Great help on a 3-Way wiring diagram from your website. Much appreciated, as I have had the same 3 Way switch, non-operational.
This diagram illustrates a very simple circuit. The battery is represented by 4 lines (longer lines to be positive and negative is shorter). Starting from the negative end of the battery, the electrons “circle” through one wire, through the bulb, the other through the wire and then back to the battery so that the complete circuit.
but there is 2 weakness of this circuit 1) light is always on top and 2) constant power is used. How can we turn on the light bulb ‘off’? Well, we can open the lid of the bulb socket, but in the real world is very uncomfortable. (Light bulbs are in gear, on the ceiling and so on). Maybe we can disconnect the power at its source. It is also very comfortable. You’ll have to go into your basement to shut off power setting. Or – much more dangerous – you will have to decide power supply wire before reaching the light socket.
Is there a safe way to disrupt the flow of electrons without touching the physical wires? Sure. This is called a SWITCH!
The interior of a typical household wall switch has a metal strip (B), making contact with the point “A”, thereby completing the electrical circuit to make the light.
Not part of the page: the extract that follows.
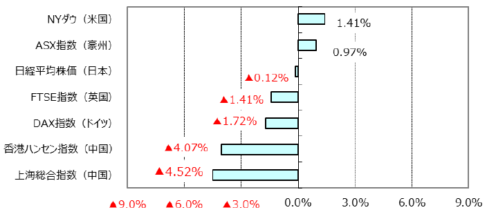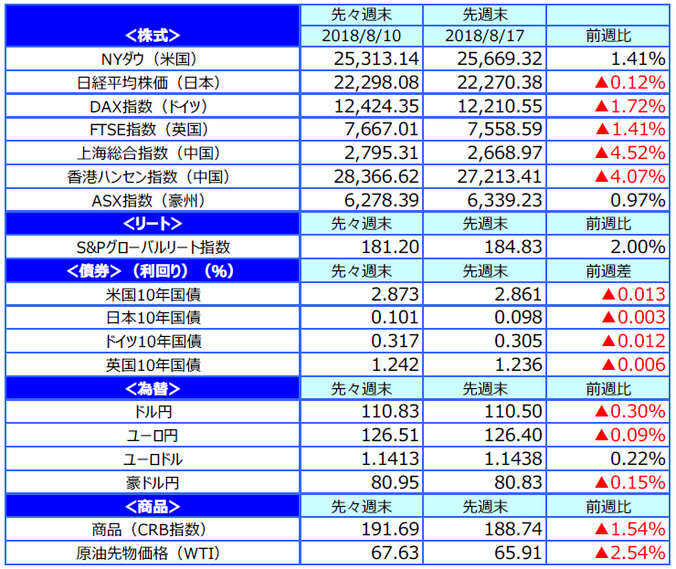 主要国の株式市場は米国や豪州市場を除き下落しました。米国株式市場は、週前半はトルコ情勢への警戒感や米中貿易摩擦の激化懸念で上値の重い展開となりました。週後半は米中首脳会談が11月にも開催される可能性があるとの報道を受けて米中貿易協議の再開期待が高まり上昇しました。NYダウは週間では1.41%上昇しました。日本株式市場では、日経平均株価は、週初はトルコリラの急落を受けた新興国通貨安を嫌気して、22,000円を割り込みました。翌日はリラ安が一服すると急反発しました。その後再び下落しましたが、米中貿易協議の再開期待が高まり反発し、週間では小幅な下落となりました。欧州株式市場では、トルコ情勢や中国の7月の主要経済指標が下ぶれたことなどを嫌気して、ドイツDAX指数は1.72%、英FTSE指数は1.41%下落しました。中国株式市場では、主要経済指標の下ぶれや人民元安への警戒感が高まり、上海総合指数、香港ハンセン指数はともに大幅に下落しました。
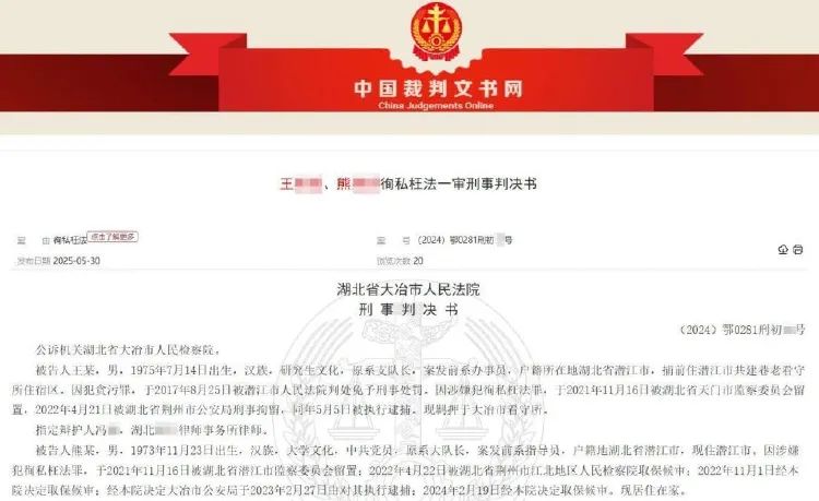 記者通過裁判文書網(wǎng)了解到,2024年8月,湖北省大冶市人民法院作出一審判決,王某、熊某因犯徇私枉法罪,分別被判處有期徒刑三年、有期徒刑一年五個月,二人違法所得被予以追繳,上繳國庫;肖某被另案處理。

This clearly would be ‘ON’ position. When isolated lever was moved to ‘OFF’ position, the metal strip was pushed away from point ‘A’, breaking the circuit and the light turned ‘OFF’.
Type of switch (having a lever which “flipped” it on and off) is called a toggle switch.
The common terminal is the middle terminal in the SPDT Knife Switch or if you are using a household switch, it would be the brass colored terminal. (the other 2 would be silver colored). This circuit clearly demonstrates what happens when the SPDT switch is moved back and forth. Light A goes on and B goes off, B goes on and A goes off and so forth. You can see that this popular switch would have many practical applications: the transmit/receive button on a “2-way” radio, the “high/low beam” switch for your car headlights, the pulse/tone dialing switch on your telephone, and so on.
If you are using the SPDT knife switch, you have a “center off” position, which an ordinary wall switch would NOT have in which case you will need to add an SPST switch for shutting this circuit off. (In electronics work, many SPDT switches have a middle position in which the electricity is turned off to BOTH circuits.